◆ Input for this task

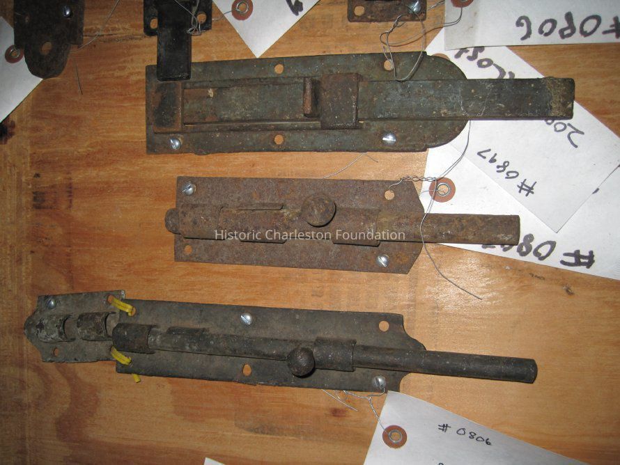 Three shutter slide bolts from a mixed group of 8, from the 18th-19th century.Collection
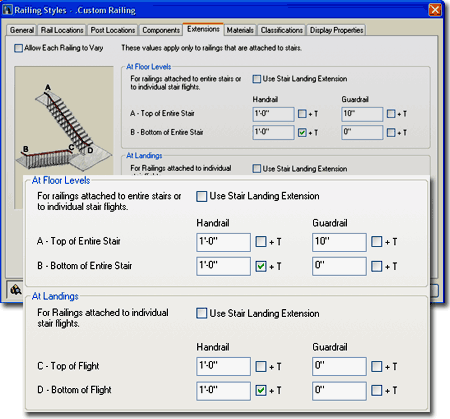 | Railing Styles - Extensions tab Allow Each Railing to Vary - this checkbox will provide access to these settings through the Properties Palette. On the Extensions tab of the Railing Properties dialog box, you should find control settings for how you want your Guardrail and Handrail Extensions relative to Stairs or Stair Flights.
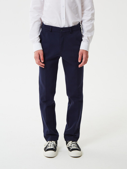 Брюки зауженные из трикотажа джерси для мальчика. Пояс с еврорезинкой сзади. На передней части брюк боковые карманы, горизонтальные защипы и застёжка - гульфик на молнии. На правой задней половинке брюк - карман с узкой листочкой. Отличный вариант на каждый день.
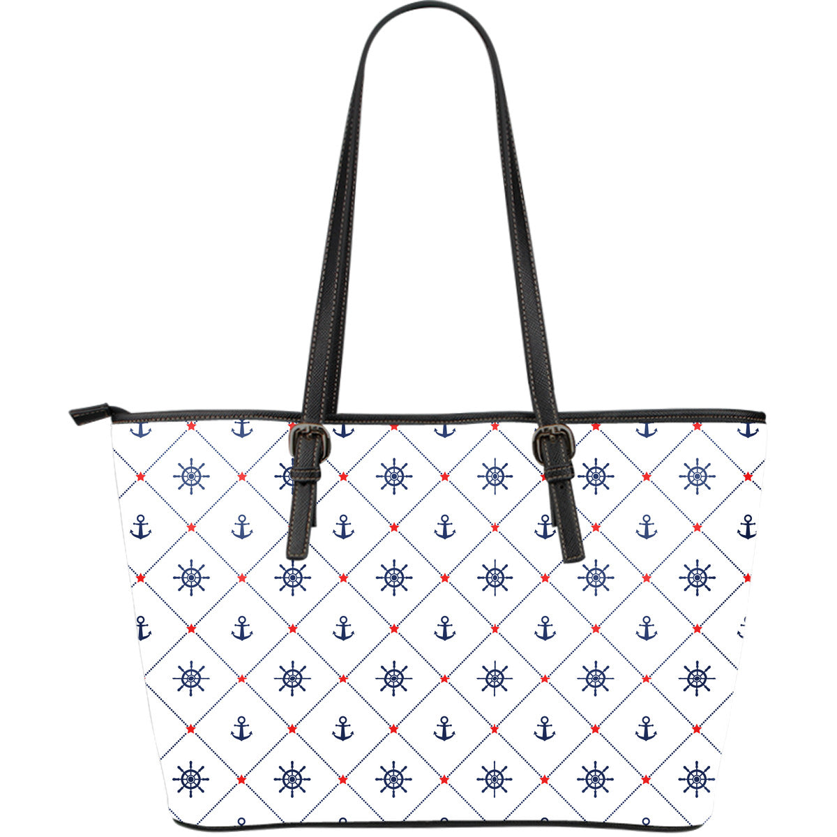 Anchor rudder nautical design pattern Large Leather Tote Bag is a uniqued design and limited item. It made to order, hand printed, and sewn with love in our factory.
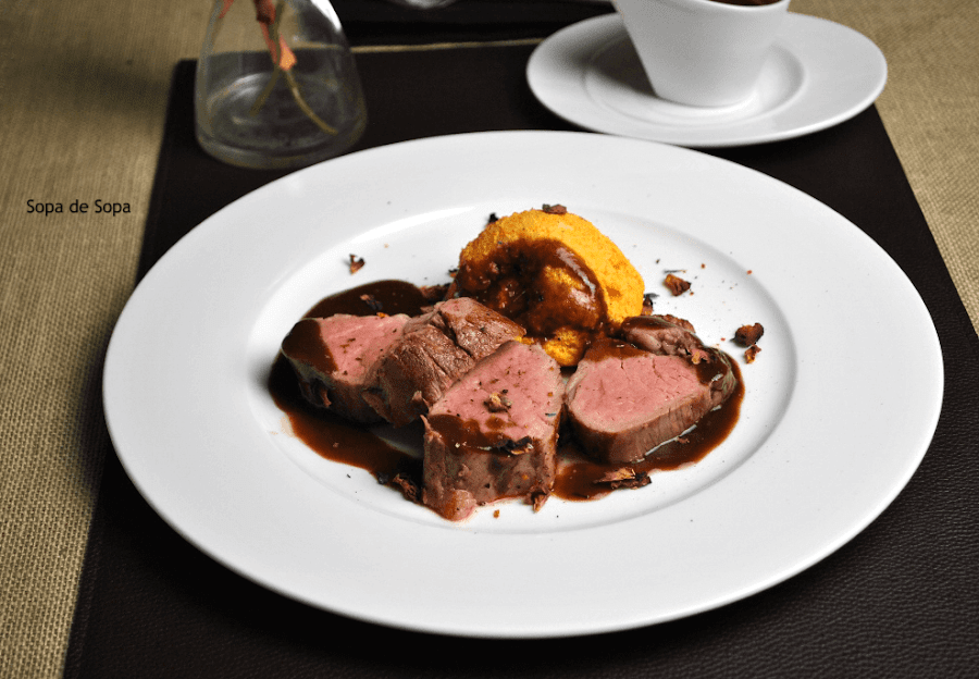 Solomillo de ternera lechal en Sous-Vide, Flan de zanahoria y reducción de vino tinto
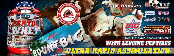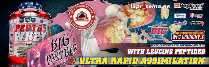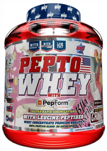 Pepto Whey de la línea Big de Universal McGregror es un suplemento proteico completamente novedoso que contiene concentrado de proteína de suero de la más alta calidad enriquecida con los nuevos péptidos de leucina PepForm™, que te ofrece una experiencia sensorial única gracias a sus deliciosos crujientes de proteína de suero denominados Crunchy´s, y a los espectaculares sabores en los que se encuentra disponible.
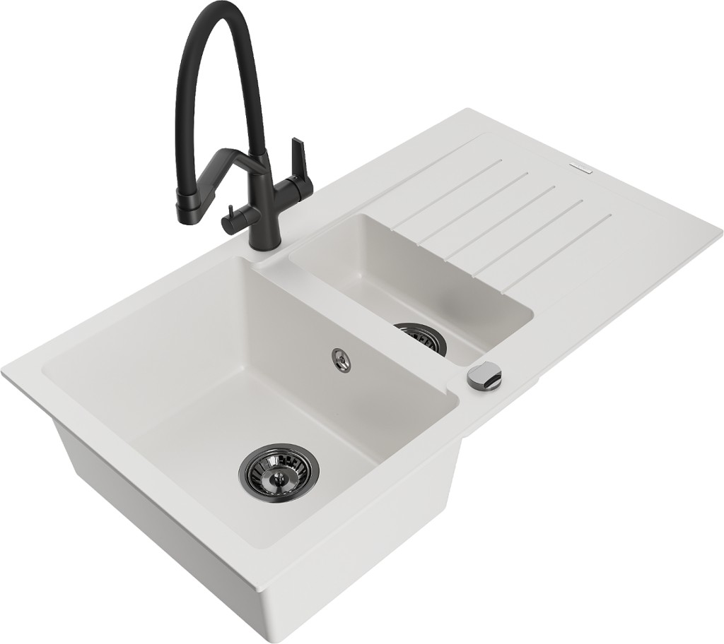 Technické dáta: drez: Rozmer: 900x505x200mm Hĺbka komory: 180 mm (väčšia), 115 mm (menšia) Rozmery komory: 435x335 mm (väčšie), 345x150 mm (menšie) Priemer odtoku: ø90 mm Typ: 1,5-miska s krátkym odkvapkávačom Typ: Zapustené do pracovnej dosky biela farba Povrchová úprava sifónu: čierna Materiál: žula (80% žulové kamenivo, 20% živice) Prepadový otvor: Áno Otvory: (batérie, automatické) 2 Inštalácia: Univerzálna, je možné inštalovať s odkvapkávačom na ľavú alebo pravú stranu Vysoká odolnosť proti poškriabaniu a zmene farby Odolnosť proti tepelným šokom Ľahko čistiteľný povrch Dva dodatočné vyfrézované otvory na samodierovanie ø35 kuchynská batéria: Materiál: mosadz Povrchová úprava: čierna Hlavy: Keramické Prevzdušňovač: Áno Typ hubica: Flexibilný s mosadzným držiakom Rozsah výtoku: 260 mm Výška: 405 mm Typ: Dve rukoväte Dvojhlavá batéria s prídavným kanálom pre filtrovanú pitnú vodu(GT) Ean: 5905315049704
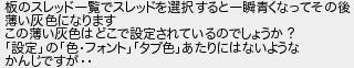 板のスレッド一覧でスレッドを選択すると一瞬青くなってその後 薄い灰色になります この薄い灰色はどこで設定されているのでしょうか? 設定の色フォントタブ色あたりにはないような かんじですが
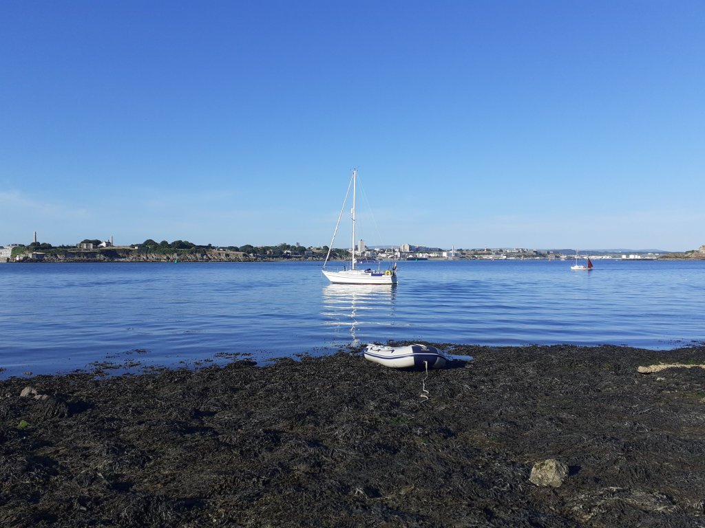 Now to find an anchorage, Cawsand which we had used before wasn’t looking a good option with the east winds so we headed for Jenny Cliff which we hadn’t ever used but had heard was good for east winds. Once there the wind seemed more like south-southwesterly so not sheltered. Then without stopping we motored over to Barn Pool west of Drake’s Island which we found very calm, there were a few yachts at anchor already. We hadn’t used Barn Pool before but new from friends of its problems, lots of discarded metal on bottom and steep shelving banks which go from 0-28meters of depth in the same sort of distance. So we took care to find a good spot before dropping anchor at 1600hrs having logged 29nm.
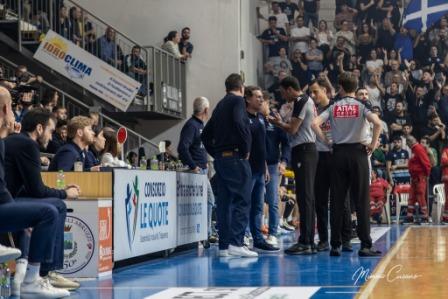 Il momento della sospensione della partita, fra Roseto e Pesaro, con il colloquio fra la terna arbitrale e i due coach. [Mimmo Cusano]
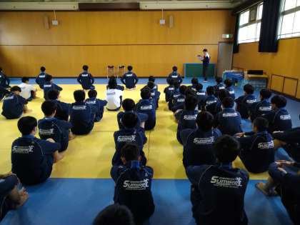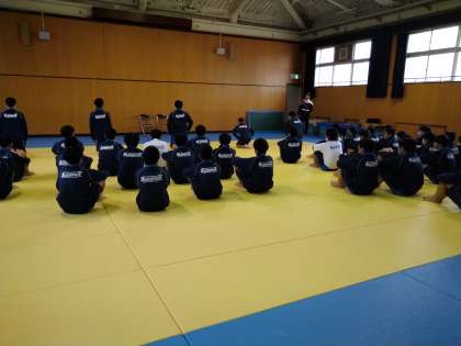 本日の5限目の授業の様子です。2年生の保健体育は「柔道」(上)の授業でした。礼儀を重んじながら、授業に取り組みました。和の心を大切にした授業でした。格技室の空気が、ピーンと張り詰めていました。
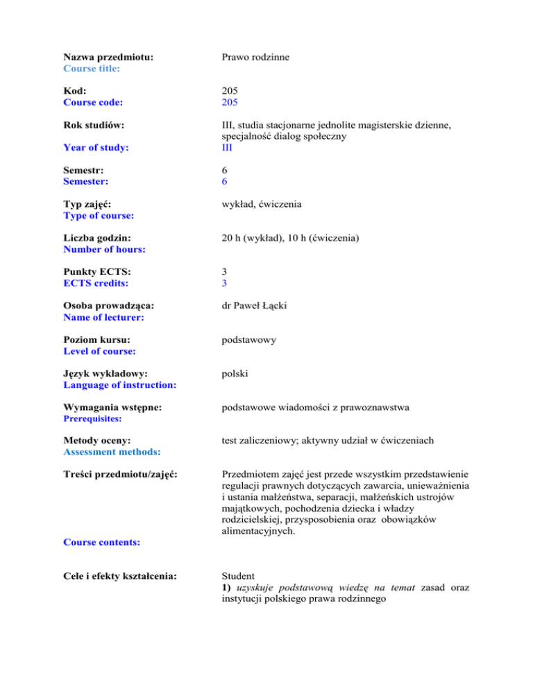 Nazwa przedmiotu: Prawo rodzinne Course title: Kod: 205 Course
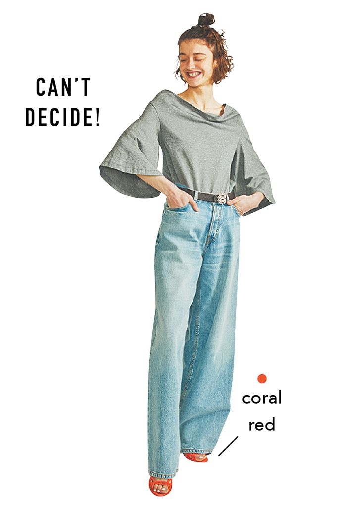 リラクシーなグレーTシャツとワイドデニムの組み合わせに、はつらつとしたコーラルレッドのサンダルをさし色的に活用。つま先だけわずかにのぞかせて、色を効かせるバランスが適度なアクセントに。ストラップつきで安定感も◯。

◆ What you should do
What you return should be only the exact lines from the top of the entries through the line with "Pepto Whey de", minus the pictures.

◆ Problem solution
 Three shutter slide bolts from a mixed group of 8, from the 18th-19th century.Collection
 | Railing Styles - Extensions tab Allow Each Railing to Vary - this checkbox will provide access to these settings through the Properties Palette. On the Extensions tab of the Railing Properties dialog box, you should find control settings for how you want your Guardrail and Handrail Extensions relative to Stairs or Stair Flights.
 Брюки зауженные из трикотажа джерси для мальчика. Пояс с еврорезинкой сзади. На передней части брюк боковые карманы, горизонтальные защипы и застёжка - гульфик на молнии. На правой задней половинке брюк - карман с узкой листочкой. Отличный вариант на каждый день.
 Anchor rudder nautical design pattern Large Leather Tote Bag is a uniqued design and limited item. It made to order, hand printed, and sewn with love in our factory.
 Solomillo de ternera lechal en Sous-Vide, Flan de zanahoria y reducción de vino tinto
 Pepto Whey de la línea Big de Universal McGregror es un suplemento proteico completamente novedoso que contiene concentrado de proteína de suero de la más alta calidad enriquecida con los nuevos péptidos de leucina PepForm™, que te ofrece una experiencia sensorial única gracias a sus deliciosos crujientes de proteína de suero denominados Crunchy´s, y a los espectaculares sabores en los que se encuentra disponible.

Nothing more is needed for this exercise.